Sofia: In the thought of how queerness has changed over the years for you we usually ask what’s something that you would say to your younger self and also what’s something you would say to your older self. It doesn’t have to be specific to queerness we are just wondering what those conversations might look like for you.


Renae:

The one thing I wish I knew, if someone had told me this at thirteen or fourteen I think my life would be entirely different is that the very worst thing someone can say to you is no. When you allow yourself to really process the idea of getting a rejection it’s like okay let’s do this or like okay I can’t do this, let’s do something else.


I had so much fear of someone saying no, I think probably because I grew up in a religious family with so many restrictions. It didn’t occur to me how that played out in the rest of my life. It played out in me not taking certain risks because they might say no! But it’s really not the end of the world. So that’s definitely something I would impress upon my younger self. My older self: good on you, girl, you got here. They say that every birthday is a gift, every day is a gift, and it’s even more so now because we are living with so much uncertainty in our world. Between pandemics and psychotic government, on top of climate and race and all these other things going on in the world it’s like-yeah, today is good! I got my basics. I am domicile and I got folks I love. For me, it really all breaks down to simple things, I know what I’m going to eat. So yeah, that’s what I would tell my younger and older self.


Sara: I would tell my younger self, kind of in the same line, to stop trying to make everyone happy. I think that stopped me from doing a lot of things that I should have been doing for myself. I think that kind of goes in line with just being who you are and affirming that even if people leave or if it makes people upset or if people have to deal with their own feelings about that. Yeah, let people deal with their feelings is probably another one. I spent a lot of time when I was younger, and I’m still very young, so it’s hard to even name the times that I am talking about, but probably 16-21, I just spent most of my time trying to make other people happy. Especially people I was in love with, making them love me meant that I just spent a lot of time carrying their feelings for them and being in love meant good friends of mine, people I was never romantically with, my family. I did a lot to make my family happy that I shouldn’t have. It was lot of running around for other people.


For my older self, I am so excited to be my older self, especially with all the role models I have around me for the awesome older selves I could be. I would be happy to know that person. I guess saying, I am happy to know you and be you.

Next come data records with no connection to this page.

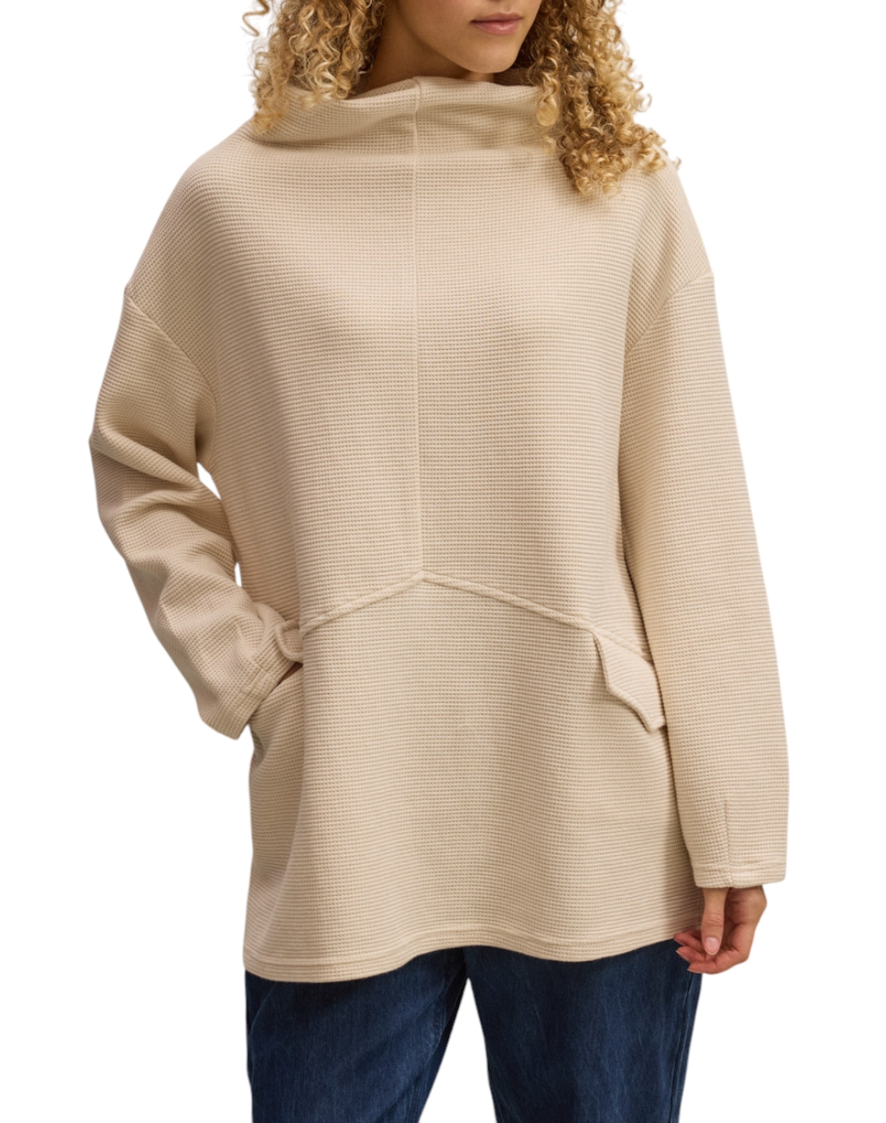 Γυναικεία μπλούζα, σε άνετη γραμμή, μακρυμάνικη, με waffle υφή, όρθιο γιακά με χαλαρό ζιβάγκο και πλάγιες τσέπες. (Σύνθεση: 100% Βαμβάκι)
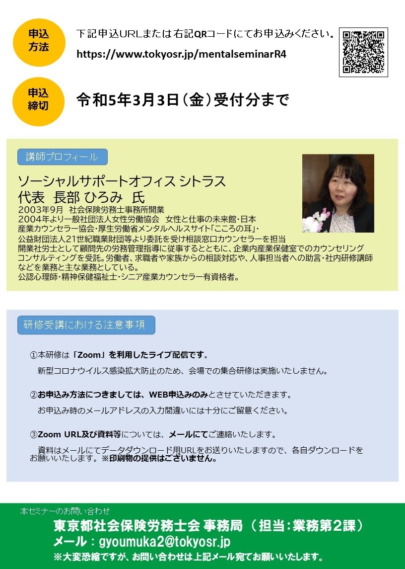 東京都社会保険労務士会(会長:寺田 晃)は、令和5年3月7日(火)15時~17時に「令和4年度メンタルヘルス対策セミナー」をオンラインで開催します。
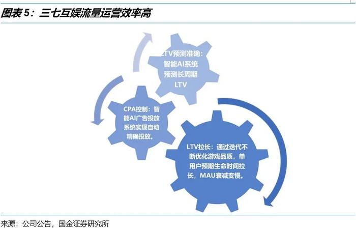 ◾ 高效买量:(1)量子智能投放系统自动投放广告,降低CPA,提高买量效率。系统首先挑选投放渠道,其次挑选针对人群,最后挑选人群感兴趣且能描述产品的素材并对数据进行分析和反馈。通过自动投放广告,能够实现24小时监控投放,节省了广告优化师投手成本,降低CPA。公司纯投手数量为50人,但“量子”系统能在同等投手数下将投放量增加30%-50%。相比于高流动性且昂贵的投手人工而言,AI系统能沉淀在公司内部,其自我学习的功能也能帮助公司不断升级。另外,量子系统可实时反馈和监测广告投放数据,能及时反映广告导量情况。(2)天机系统能有效预测长周期LTV。公司通过不断迭代发行新游戏,每一款新游戏在美术品质、音乐效果、流程优化、用户体验等方面都不断调优。该系统针对产品和运营,可以在产品上线以后进行长周期LTV预测,精确率达到98%。
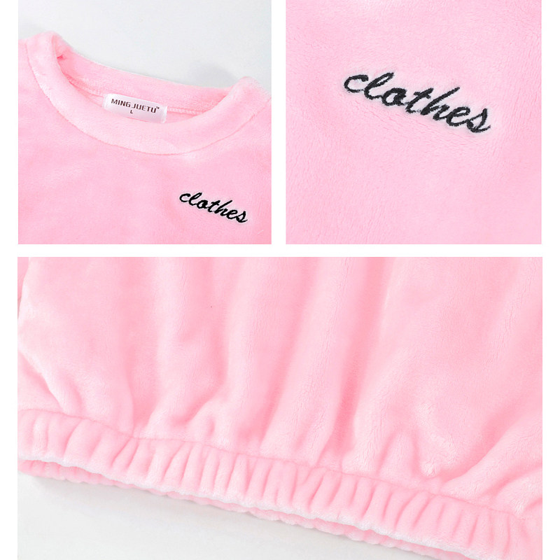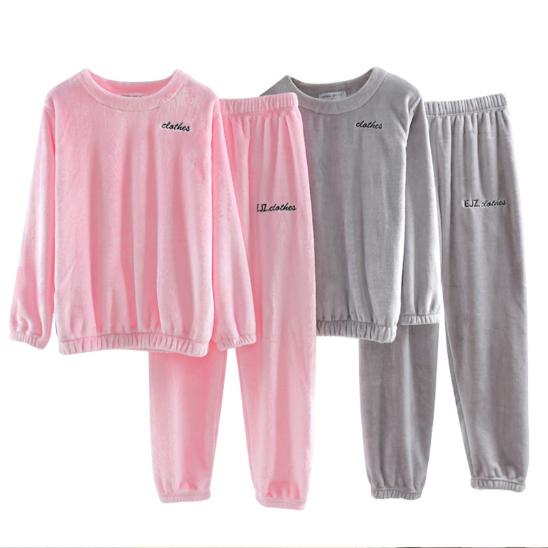 📚 法兰绒长袖睡衣套装女加厚加绒保暖束脚收口珊瑚绒套头家居服秋冬
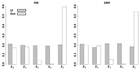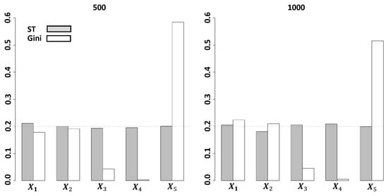 For Model V, it involves an interaction effect between and . According to the literature proposed by Kung et al., when there is an interaction effect between variables, utilizing a strategy of interaction detection such as Algorithm 2 will result in more powerful outcomes. Therefore, we test Algorithm 2 against the Gini method in this study. To keep the effectiveness of Model V, either or should be assigned as a selection variable. Figure 7 shows that the ST method using Algorithm 2 is able to select the correct variables more effectively than the Gini method.
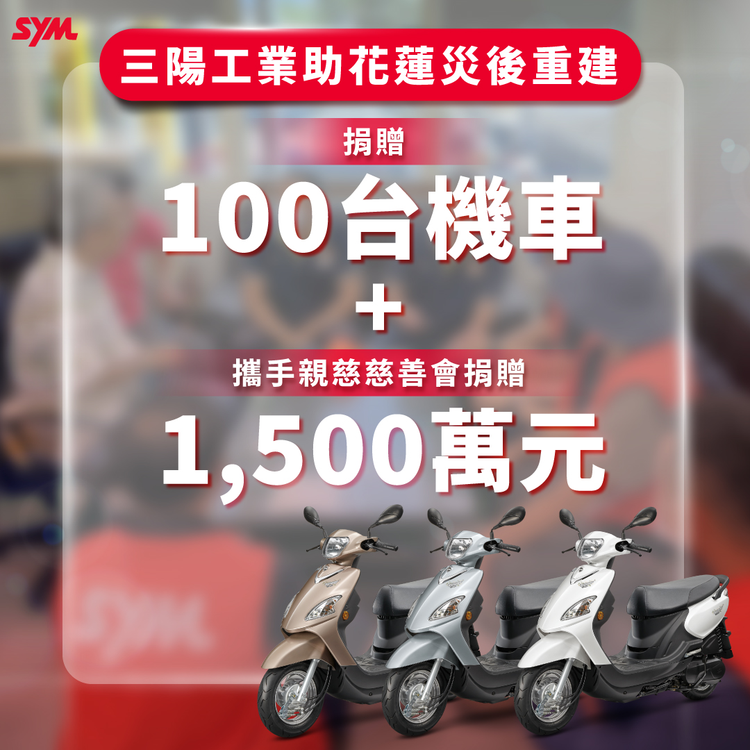 針對近期花蓮因堰塞湖溢流所造成的嚴重災情,三陽工業股份有限公司(SYM)秉持企業社會責任精神,響應行政院東部聯合服務中心號召, 捐贈100台機車與1000萬善款,加計公益團體「社團法人親慈慈善會」提撥之500萬,共計百台機車與新臺幣1,500萬元,協助災區重建,支援受災民眾早日恢復正常生活。
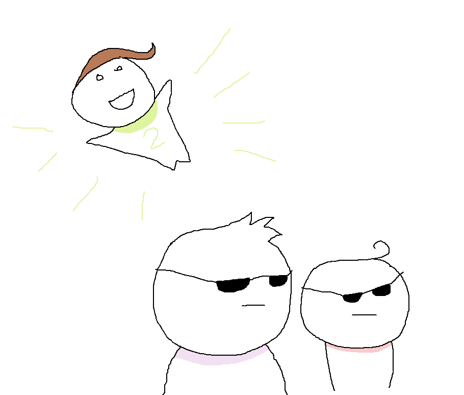 Still want to call me racist, even after reading those funny pictures? Well, guess what, sucka? I’ve never mentioned my race or my gender on this blog. If you assume I’m a white man just because I draw myself with no skin color and a square body then YOU’RE THE HETERO-NORMATIVE RACIST BIGGOT. Mwahahaha.

Zoe: This is in reference to everything going on right now: what are your personal hopes for the future and how are you navigating this particular moment of anti-Black violence and COVID and all those things?


Sofia: and if you were to imagine what that could possibly mean, what would that look like?


Sara: I’ve been sending Renae a lot of this--What I’ve witnessed happen in some circles recently is, a lot of folks are even coming forward about certain nonprofit structures or organizing structures that have also led way for violence especially against black women, black trans folks, black non-binary folks. And so, just seeing that work being done alongside larger scale prison abolition and police abolition work, it’s both exciting and so crazy to witness because it’s so new. It is actually just something that feels like very new language, and maybe it’s just the way that we’re talking about things or the way that we’re centering things. Or maybe it’s just in the social media circles that [I’m a part of], it’s not like everybody is witnessing these things.


I don’t know, it’s just imagining a world where black femmes, trans folks, nonbinary folks are really centered and all of our accountability practices of holding people accountable in our communities you know, when you get hurt or when I get hurt, if those structures of how we respond to those things really do come from a place of centering black femmes and trans folks, I do think that there is hope for those structures to actually make all of us feel better and be safer for all of us. So that’s a hope I have that right now we are also imagining the ways that we need to talk to each other not just the ways that the cops need to talk to us. And there’s so much more in that, when we’re not just talking about the cops and we’re talking about how we can all live together.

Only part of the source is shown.